A Unilinguist: As if I don't talk enough in real life..

Tuesday, August 23, 2005

Brief blurbs on brevity

*msn: Shooting up the melancholia – overdosing on the pain

Some days I miss the books I read when I was young – Dickens, Bronte (all of them), Doyle and Poe; especially when I read the books I read now that I’m not all that young anymore.

It seems to me that there are a whole lot less words nowadays, with prose so short and terse it seems the whole point is to get the point across, and nothing more. With words once ugly and discordant now written for the newness and the jarringly trendiness of them all.

Which is not to say that clean and simple words can’t be beautiful, but simply that they not always are these days.

Language written like sung silk slipping off leaves and sheaves of paper become rarer by the day.

Stories spun of old and tired plots, of Guy Meets Girl and Girl Meets Guy, of cliched angst and chic chick lit are common as carbon, with diamonds few and thinly spread.

Why the brevity?
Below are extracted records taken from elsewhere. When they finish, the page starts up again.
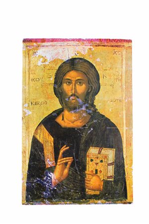 STAMPA ICONA MACEDONA raffigurante Cristo Salvatore XX secolo h cm 67 x 45
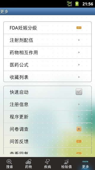 提供临床常用检验值信息,强调检验值的临床意义,药物对检验值的影响等内容。 提供临床常用公式的计算功能。
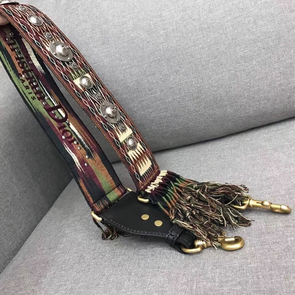 Dior's Fringed shoulder strap in multi-coloured canvas adorned with medallions, calfskin leather details. This strap is a match made in heaven for women who’d like to further add a touch of modernity and panache to their Dior bags!
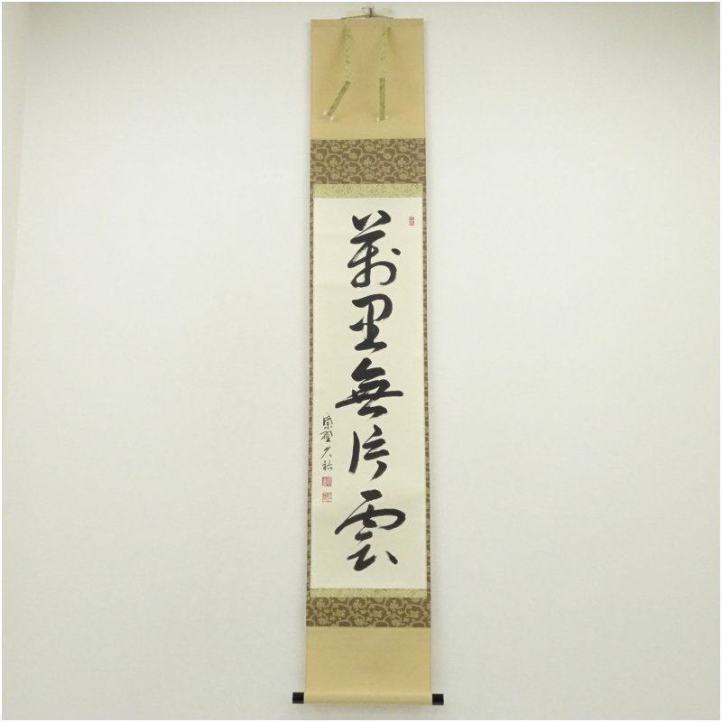 大徳寺 山岸久祐筆 「萬里無片雲」一行書 肉筆紙本掛軸(共箱) [13-251104c-027a]
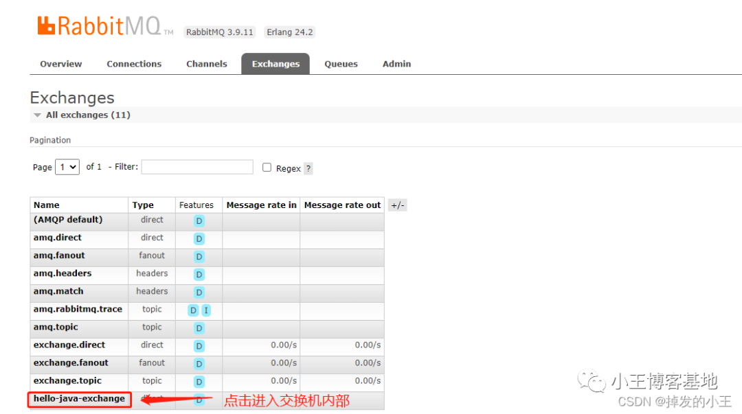 交换器,用来接收生产者发送的消息并将这些消息路由给服务器中的队列。

Why the coarseness of instant literary gratification? Why the hurriedness of e-mails and the complete reluctance to type out words in full?

Science and medicine have made our lives all the longer, but the words with which we fill it seem to diminish both in size and quality by the day.

Some people don’t fill it with words at all, more’s the pity.

Book-based movies and summaries abound, and the original print-captured songs die a silent death. (Of silence. Haha.)

This makes me sad, and mad, but, mostly, I regret forgetting such old friends in favour of the quick and snappy acquaintances I forget soon after parting.

This also scares me, especially when I think of how it will be a hundred years from now.

What words will we lose next? What little ways in which to say the things we want to say would go? And then how would we say them?

Orwell’s frightening premonition of Newspeak rings a distant, hollow, war drum song.